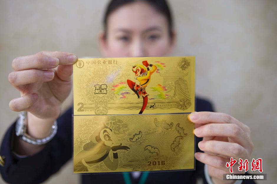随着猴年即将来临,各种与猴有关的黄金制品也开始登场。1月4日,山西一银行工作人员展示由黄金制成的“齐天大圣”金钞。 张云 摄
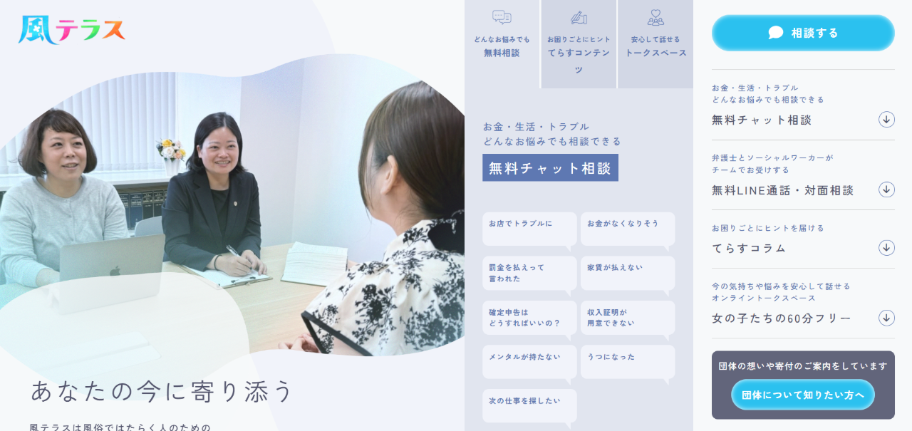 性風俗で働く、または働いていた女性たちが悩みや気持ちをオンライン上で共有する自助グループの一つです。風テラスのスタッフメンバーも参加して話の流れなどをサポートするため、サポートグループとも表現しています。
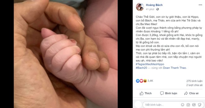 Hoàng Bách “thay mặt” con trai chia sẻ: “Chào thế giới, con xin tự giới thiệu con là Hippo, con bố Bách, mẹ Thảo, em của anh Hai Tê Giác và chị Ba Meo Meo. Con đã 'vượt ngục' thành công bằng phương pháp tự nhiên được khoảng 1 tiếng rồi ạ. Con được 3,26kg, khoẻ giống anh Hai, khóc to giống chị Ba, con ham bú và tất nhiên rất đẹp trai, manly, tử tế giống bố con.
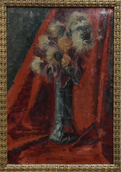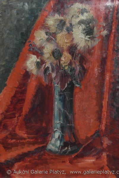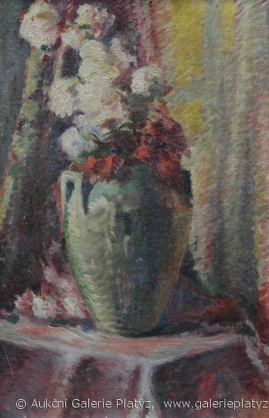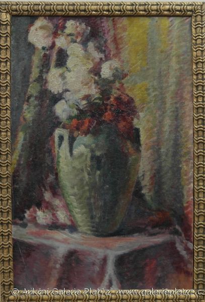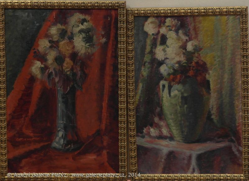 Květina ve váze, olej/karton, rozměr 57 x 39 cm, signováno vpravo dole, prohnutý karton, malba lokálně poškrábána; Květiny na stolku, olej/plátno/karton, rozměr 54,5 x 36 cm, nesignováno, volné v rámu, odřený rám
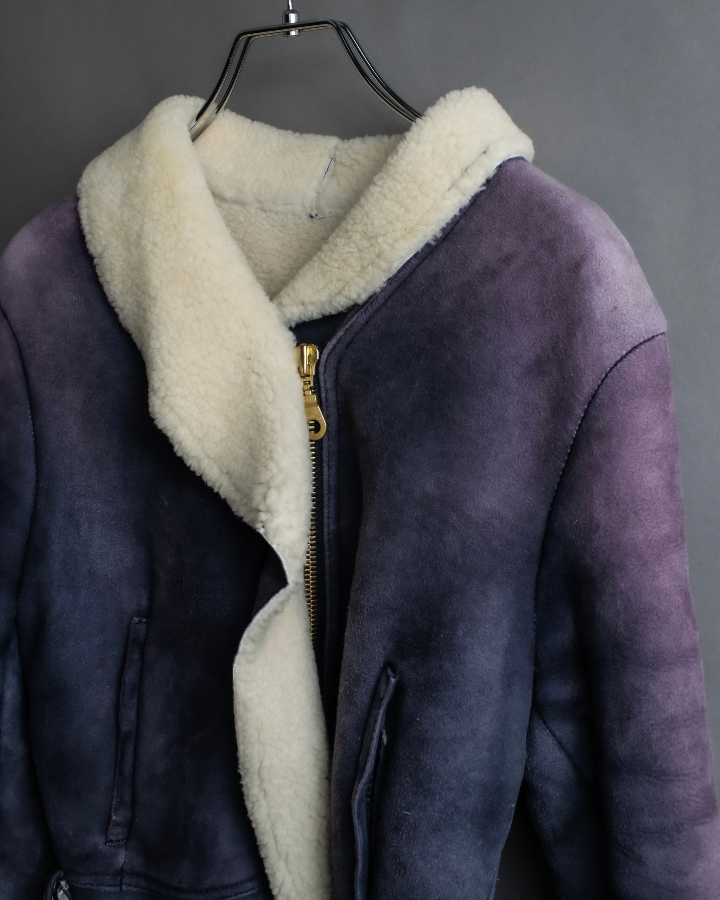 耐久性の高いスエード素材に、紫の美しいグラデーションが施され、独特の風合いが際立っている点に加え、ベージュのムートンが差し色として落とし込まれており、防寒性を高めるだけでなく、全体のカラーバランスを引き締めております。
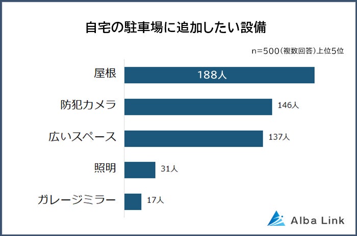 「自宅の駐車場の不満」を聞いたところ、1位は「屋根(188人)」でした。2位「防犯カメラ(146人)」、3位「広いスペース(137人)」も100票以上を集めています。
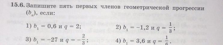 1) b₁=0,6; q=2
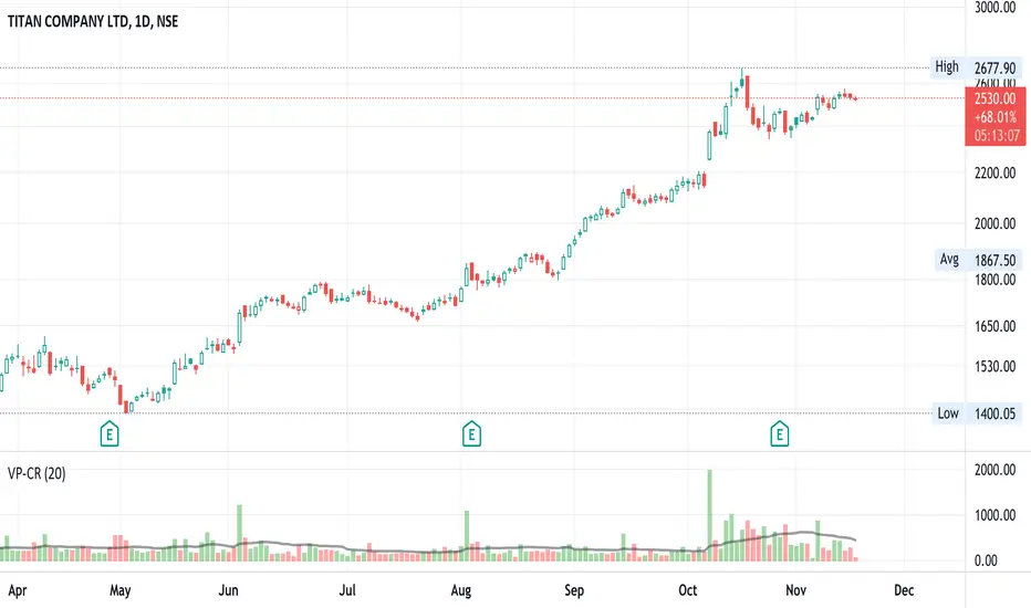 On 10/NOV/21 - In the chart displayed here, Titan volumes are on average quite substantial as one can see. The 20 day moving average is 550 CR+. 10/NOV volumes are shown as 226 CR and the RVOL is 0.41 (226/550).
-----
* _WHAT THE TASK ASKS_:
Type the entries again verbatim. Drop the images.

* _ANSWER SECTION_:
随着猴年即将来临,各种与猴有关的黄金制品也开始登场。1月4日,山西一银行工作人员展示由黄金制成的“齐天大圣”金钞。 张云 摄
 性風俗で働く、または働いていた女性たちが悩みや気持ちをオンライン上で共有する自助グループの一つです。風テラスのスタッフメンバーも参加して話の流れなどをサポートするため、サポートグループとも表現しています。
 Hoàng Bách “thay mặt” con trai chia sẻ: “Chào thế giới, con xin tự giới thiệu con là Hippo, con bố Bách, mẹ Thảo, em của anh Hai Tê Giác và chị Ba Meo Meo. Con đã 'vượt ngục' thành công bằng phương pháp tự nhiên được khoảng 1 tiếng rồi ạ. Con được 3,26kg, khoẻ giống anh Hai, khóc to giống chị Ba, con ham bú và tất nhiên rất đẹp trai, manly, tử tế giống bố con.
 Květina ve váze, olej/karton, rozměr 57 x 39 cm, signováno vpravo dole, prohnutý karton, malba lokálně poškrábána; Květiny na stolku, olej/plátno/karton, rozměr 54,5 x 36 cm, nesignováno, volné v rámu, odřený rám
 耐久性の高いスエード素材に、紫の美しいグラデーションが施され、独特の風合いが際立っている点に加え、ベージュのムートンが差し色として落とし込まれており、防寒性を高めるだけでなく、全体のカラーバランスを引き締めております。
 「自宅の駐車場の不満」を聞いたところ、1位は「屋根(188人)」でした。2位「防犯カメラ(146人)」、3位「広いスペース(137人)」も100票以上を集めています。
 1) b₁=0,6; q=2
 On 10/NOV/21 - In the chart displayed here, Titan volumes are on average quite substantial as one can see. The 20 day moving average is 550 CR+. 10/NOV volumes are shown as 226 CR and the RVOL is 0.41 (226/550).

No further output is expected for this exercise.